Me ..and JP did the Meriden Mountain ride this afternoon..The same ride  we did with 03jeff, and severene last week....we prettty much rode hard and finished in about 2 and a half hours...For some reason JP prefers his old bike better then the one he got from greg so he rode the POS FS bike today...Couple minor crashes...a little blood, but nothing life threatening.  Heres a little cheesy vid I took

steve


----------



## o3jeff (Aug 25, 2008)

Good job on the video. Looks like you two will do anything for our viewing pleasure here!

JP's new bike the headset and bottom bracket were extremely loose yesterday when he left so I don't think he had a chance to tighten them.


----------



## Greg (Aug 25, 2008)

Classic dynamic duo right there.


----------



## severine (Aug 26, 2008)

Nice vid!  Good choices to show off the riding there.  You guys are animals!!!  I'm impressed that you did it in 2.5 hrs!  Did you find the original trail back that you intended last time or did you ride on the road again?


----------



## Trekchick (Aug 26, 2008)

Nice!!!!


----------



## powhunter (Aug 26, 2008)

severine said:


> Nice vid!  Good choices to show off the riding there.  You guys are animals!!!  I'm impressed that you did it in 2.5 hrs!  Did you find the original trail back that you intended last time or did you ride on the road again?

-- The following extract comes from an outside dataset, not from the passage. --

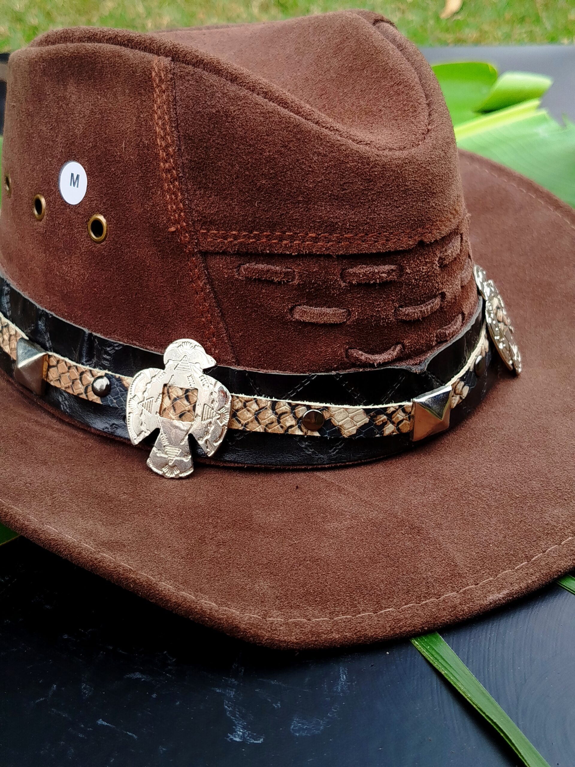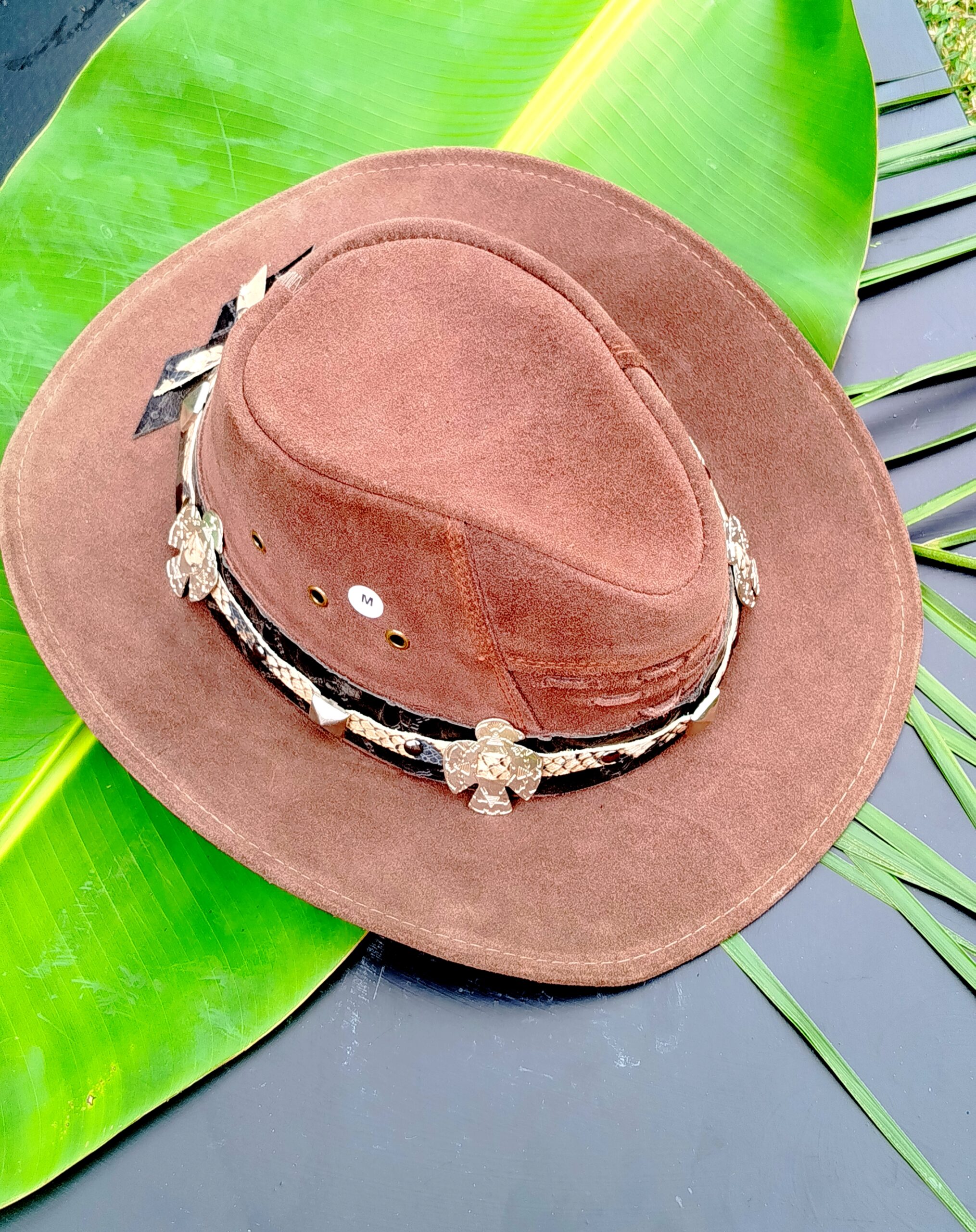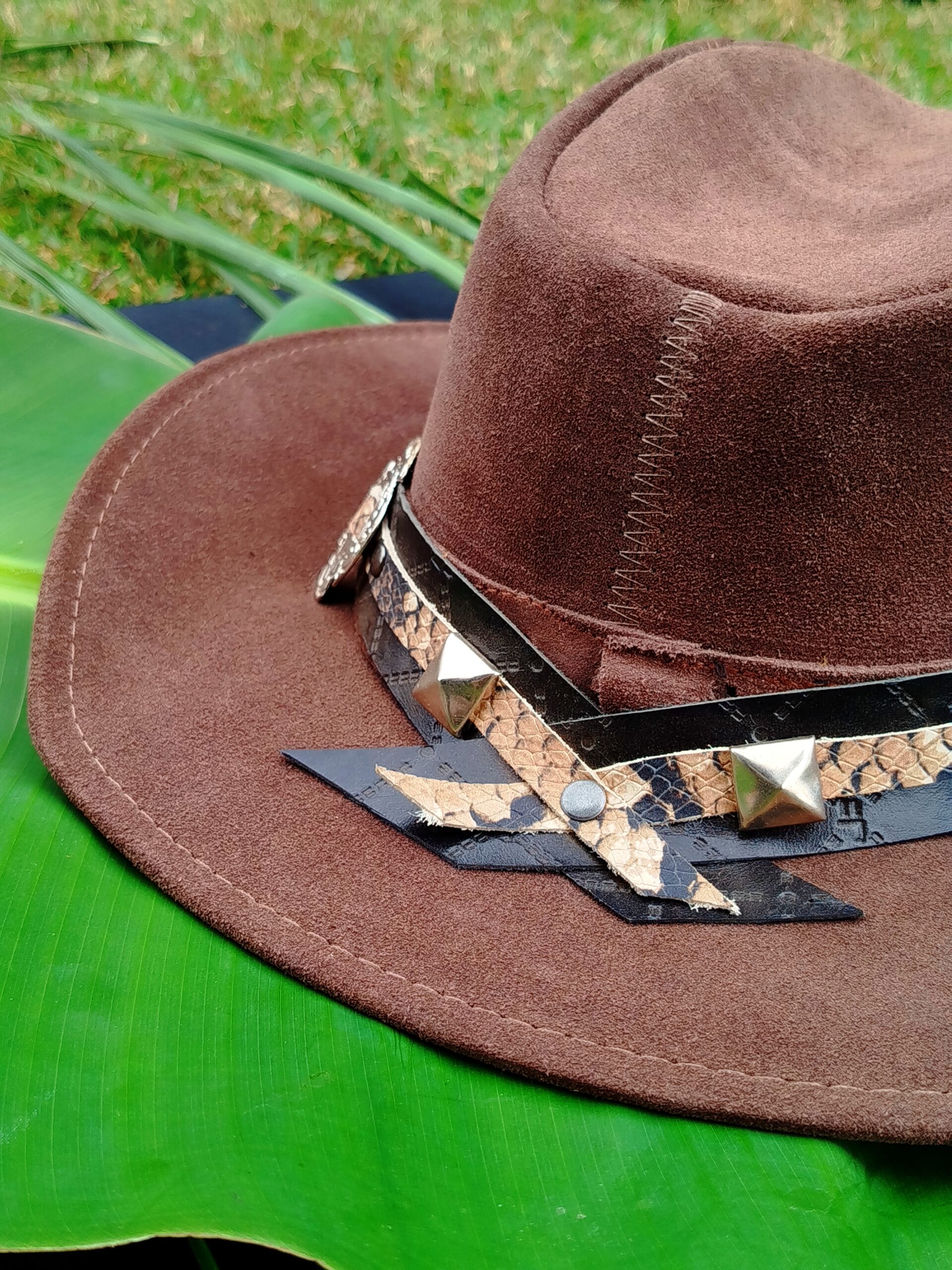 Chapéu artesanal de camurça legítimo com design High Custom. Cada detalhe é resultado de um processo de personalização exclusiva, garantindo autenticidade, estilo e presença marcante.
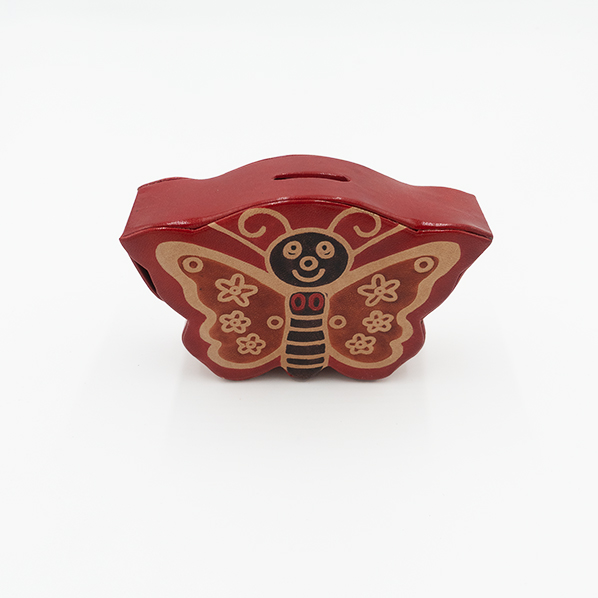 Deze leren vlinder spaarpot is gemaakt van geitenleer en heeft een gleuf aan de bovenzijde om geld in te stoppen. Aan de zijkant zit een drukker, zodat je de spaarpot eenvoudig kunt openen om het geld eruit te halen.

yea we did....it was easy during daylight :argue:   those rock gardens were brutal on the body/bikes  You can expect  someone will get a pich/flat riding thru that stuff....at least I had the right size tubes this time to repair them!!  


steve


----------



## bvibert (Aug 26, 2008)

Nice work on the vid Steve.  Looks like you guys had a fun time.


----------



## Gremf (Sep 7, 2008)

Where is Meriden Mountain?  Does it perhaps go by another name?  How much of a trail network is there?


----------



## o3jeff (Sep 7, 2008)

Hubbard Park on West Main Street in Meriden. I think I threw up our gps track from last time on CF, but don't follow it, we got kinda lost!


----------



## Gremf (Sep 7, 2008)

o3jeff said:


> Hubbard Park on West Main Street in Meriden. I think I threw up our gps track from last time on CF, but don't follow it, we got kinda lost!



Have been wondering about this place.  I will check it out.  Nice vid, BTW.


----------